# WORK INSTRUCTION:
A verbatim reproduction of the following listing is required; omit the pictures.

# GIVEN INFORMATION:
⁂

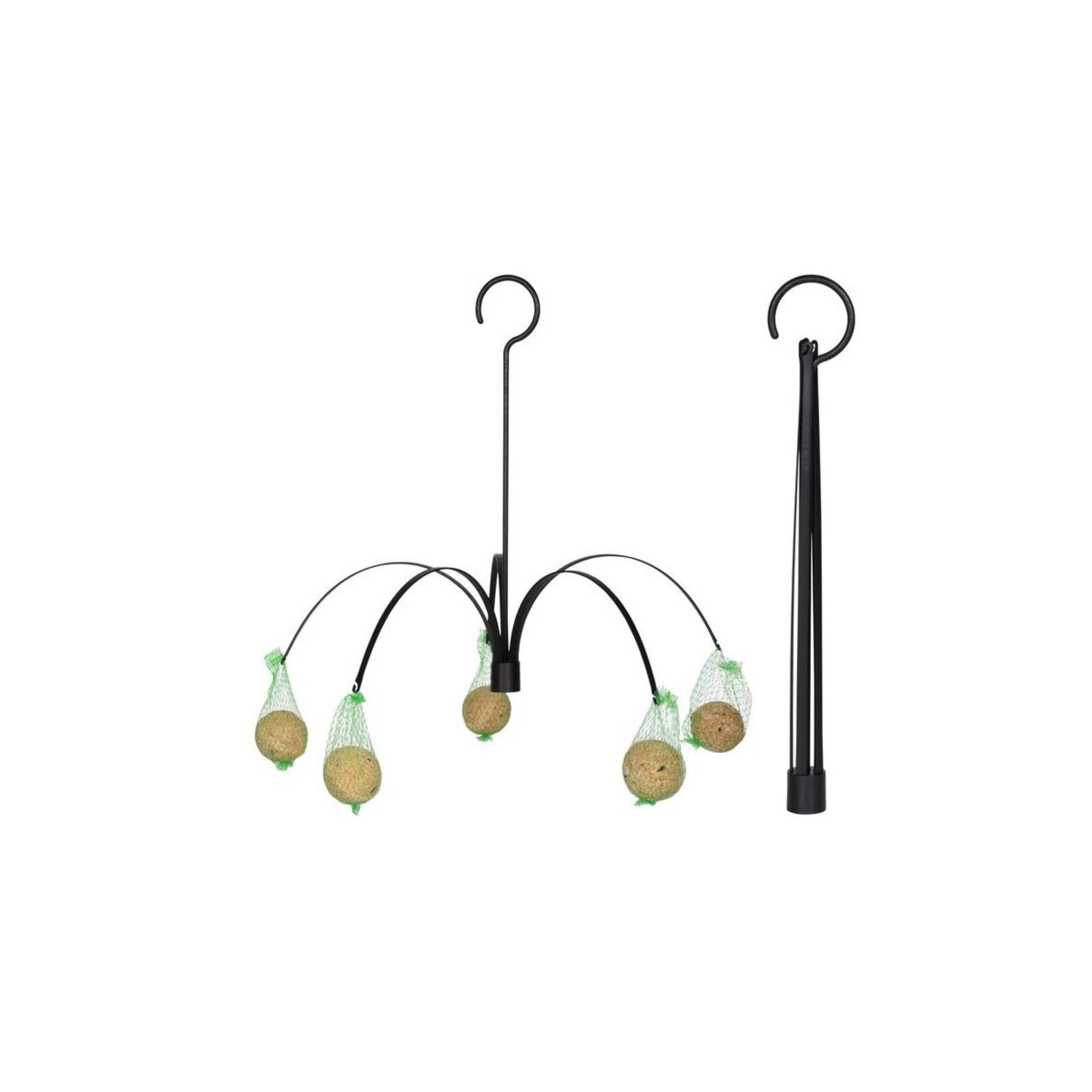 Felakasztható madáretető faggyúgolyókhoz. Az etetőt széthajtva, a kampókra akasztott eleségekkel használhatjuk. Mérete: magasság: 40,8 cm, szélesség: 6,6 cm, mélység: 3,1 cm (össszecsukva)
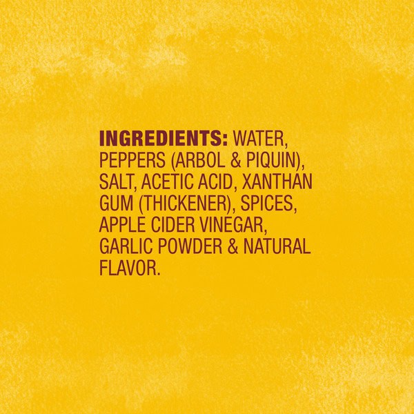 Water, Peppers (arbol & Piquin), Salt, Acetic Acid, Xanthan Gum (thickener), Spices, Apple Cider Vinegar, Garlic Powder & Natural Flavor.
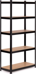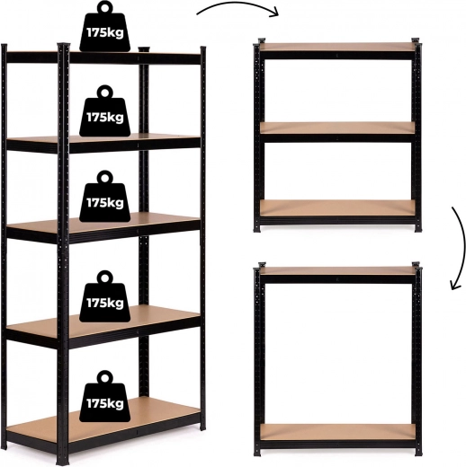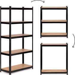 Het rek heeft 5 duurzame planken die op elke gewenste hoogte kunnen worden gemonteerd, zodat je de indeling naar wens kunt aanpassen. De constructie is versterkt met een extra middenligger onder elke plank voor extra stabiliteit.

⁂

# REPLY:
 Felakasztható madáretető faggyúgolyókhoz. Az etetőt széthajtva, a kampókra akasztott eleségekkel használhatjuk. Mérete: magasság: 40,8 cm, szélesség: 6,6 cm, mélység: 3,1 cm (össszecsukva)
 Water, Peppers (arbol & Piquin), Salt, Acetic Acid, Xanthan Gum (thickener), Spices, Apple Cider Vinegar, Garlic Powder & Natural Flavor.
 Het rek heeft 5 duurzame planken die op elke gewenste hoogte kunnen worden gemonteerd, zodat je de indeling naar wens kunt aanpassen. De constructie is versterkt met een extra middenligger onder elke plank voor extra stabiliteit.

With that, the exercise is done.